Le nombre et la durée du mandat du président de la république.
Dans l’avant-projet de nouvelle constitution il est dit ceci dans l’article 40, citation :’’Le Président de la République est élu au suffrage universel direct pour un mandat de 6 ans, renouvelable une fois.’’ En analysant la ‘’lettre’’ de cette disposition on peut dégager deux observations. La première est relative bien sûr à la durée de mandat qui passe de 5 ans à 6ans. Là n’est peut-être pas le problème. Le problème c’est lorsque les intangibilités énumérées à l’article158 ne concernent curieusement que le nombre et non la durée du mandat présidentiel. Nous estimons ici que le piège peut être lié au fait que n’importe quel président de la république en exercice peut s’offrir le droit de réviser l’article 40 (cité haut) en manipulant la durée de mandat à sa guise car elle n’est point intangible. L’autre chose qui n’est pas à négliger à mon avis, c’est le caractère évasif de la façon dont le nombre de mandat est évoqué. Pourquoi avoir amputé le dernier alinéa de l’article 27 de la constitution du 7 mai qui est repris à l’aricle 40 de l’avant-projet ? L’alinéa concerné dans la constitution du 7 mai précise : ‘’En aucun cas, nul ne peut exercer plus de deux mandats présidentiels consécutifs ou non’’. Mais encore curieusement, les mercenaires de droit ont coupé en bons chirurgiens cette précision hautement importante. Que cachent-ils ?

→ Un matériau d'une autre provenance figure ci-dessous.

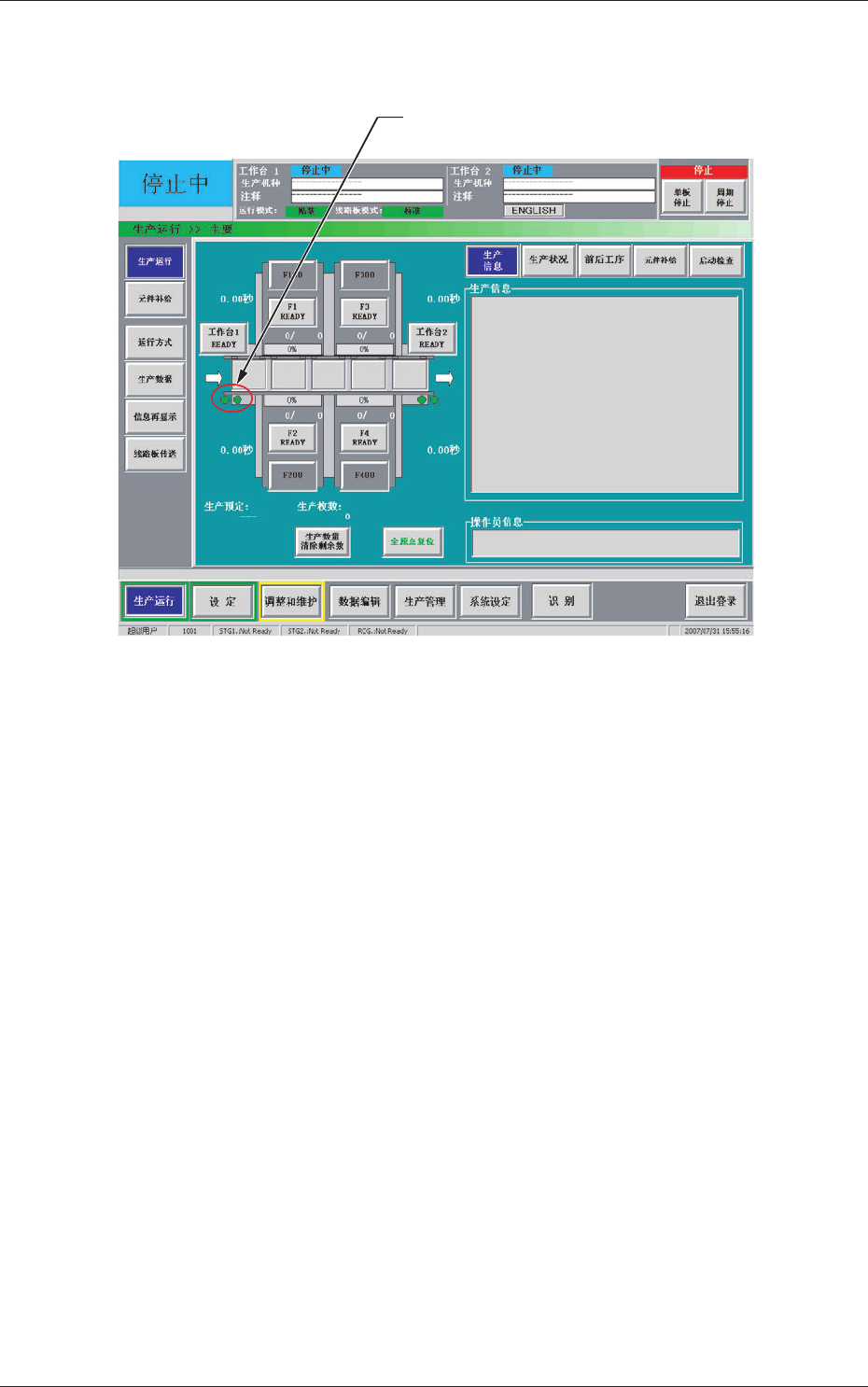 关闭机盖时,“生产运行”界面的供给传送带部分亮绿灯,显示“机盖 / 关”

Vers un bâillonnement des mouvements syndicaux !
En parcourant cet avant-projet de nouvelle constitution un autre constat nous saute aux yeux. C’est la question syndicale. On se rend compte à quel point la grève du Syndicat Libre des Enseignants et Chercheurs de Guinée (SLECG) dirigé par Aboubacar SOUMAH a laissé des mécontents dans le camp présidentiel. Ce mécontentement se manifeste jusque dans le projet de nouvelle constitution. En effet l’article154 de la constitution de 7 mai 2010 érige le pluralisme syndical au rang des dispositions intangibles. Curieusement, l’équivalent de cet article dans l’avant-projet de nouvelle constitution dénie catégoriquement ce droit aux syndicats. Là également, les ‘’chirurgiens’’ ont fait l’ablation de cette disposition. A moins qu’il ne s’agisse d’une simple omission qui pourra être corrigé plus tard.
Tout porte à croire que si ce projet de nouvelle constitution passe tel que prévu, le mouvement syndical serait l’une des toutes premières victimes.